Brief: Could you restate the data word for word and drop the pictures?
%%
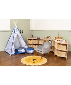 | This lovely shelving unit offers 8 compartments to store resources, and books in. The unique design adds an interesting element to any nursery, or reading nook! Compatible to use with our baskets or tubs for hidden storage- available separately to purchase.
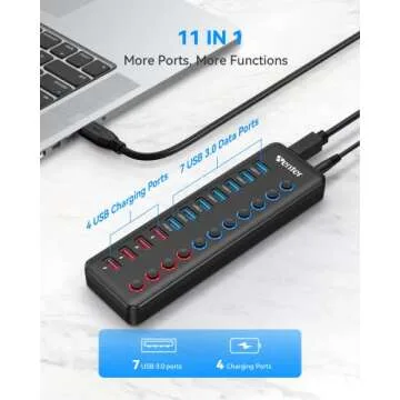 When stacked against other USB hubs on the market, Wenter's Powered USB 3.0 Hub shines with its **combination of high-speed data transfer and smart charging capabilities**. Many competing products offer data transfer or charging, but few can match the efficiency of this **11-in-1 solution**. With distinctive features such as individual switches and the powerful 12V/3A adapter, Wenter’s hub not only keeps your devices connected but also charges them swiftly, outperforming competitors that merely replicate basic functionalities.
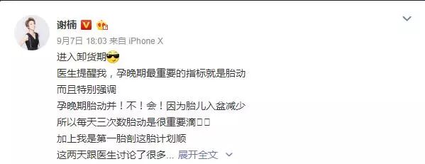 月初进入卸货期时谢楠拍了张照片,孕肚正面看起来不算特别大,不过谢楠在评论区回复网友说侧面看其实挺大的。
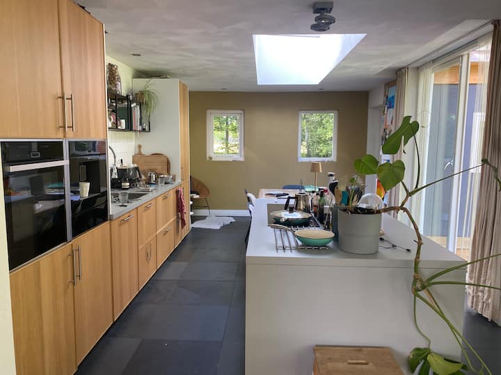 С голямо удоволствие живея в тази красива къща в Патерсволде от 19 години. От градината се разхождате директно сред природата и можете да се насладите на прекрасни разходки. С велосипед можете да стигнете до оживения град Гронинген, с хубави тераси, ресторанти, форума и Мартиниторен. През лятото можете да плувате или да се качите на лодка на Paterswoldsemeer. Чувствам се благословен да живея тук и да се наслаждавам да споделям това приятно място с други хора. ✨
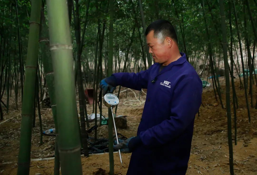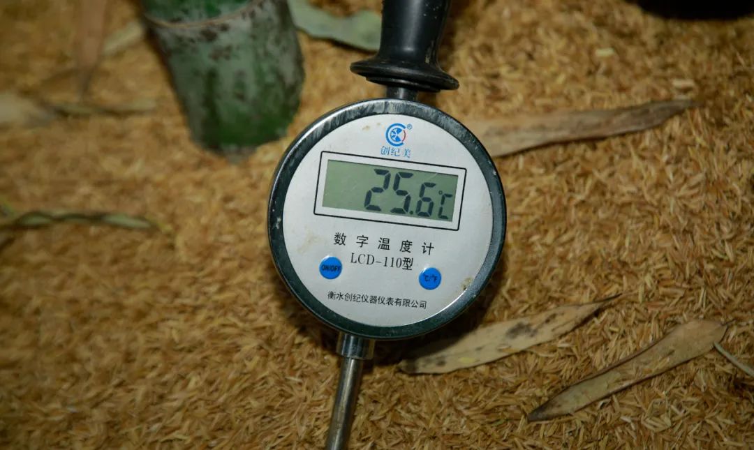 每天早上9點(diǎn)左右,楊國(guó)華和妻子都會(huì)穿梭在茂密的竹林間,給種植象牙筍的竹林測(cè)地溫,只有地溫在 23℃到 26℃之間,筍才能茁壯成長(zhǎng)。溫度低了,就得多蓋點(diǎn)谷殼保暖;溫度高了,就淋點(diǎn)水,或者把谷殼扒開(kāi)降降溫。
%%
Task output:
 | This lovely shelving unit offers 8 compartments to store resources, and books in. The unique design adds an interesting element to any nursery, or reading nook! Compatible to use with our baskets or tubs for hidden storage- available separately to purchase.
 When stacked against other USB hubs on the market, Wenter's Powered USB 3.0 Hub shines with its **combination of high-speed data transfer and smart charging capabilities**. Many competing products offer data transfer or charging, but few can match the efficiency of this **11-in-1 solution**. With distinctive features such as individual switches and the powerful 12V/3A adapter, Wenter’s hub not only keeps your devices connected but also charges them swiftly, outperforming competitors that merely replicate basic functionalities.
 月初进入卸货期时谢楠拍了张照片,孕肚正面看起来不算特别大,不过谢楠在评论区回复网友说侧面看其实挺大的。
 С голямо удоволствие живея в тази красива къща в Патерсволде от 19 години. От градината се разхождате директно сред природата и можете да се насладите на прекрасни разходки. С велосипед можете да стигнете до оживения град Гронинген, с хубави тераси, ресторанти, форума и Мартиниторен. През лятото можете да плувате или да се качите на лодка на Paterswoldsemeer. Чувствам се благословен да живея тук и да се наслаждавам да споделям това приятно място с други хора. ✨
 每天早上9點(diǎn)左右,楊國(guó)華和妻子都會(huì)穿梭在茂密的竹林間,給種植象牙筍的竹林測(cè)地溫,只有地溫在 23℃到 26℃之間,筍才能茁壯成長(zhǎng)。溫度低了,就得多蓋點(diǎn)谷殼保暖;溫度高了,就淋點(diǎn)水,或者把谷殼扒開(kāi)降降溫。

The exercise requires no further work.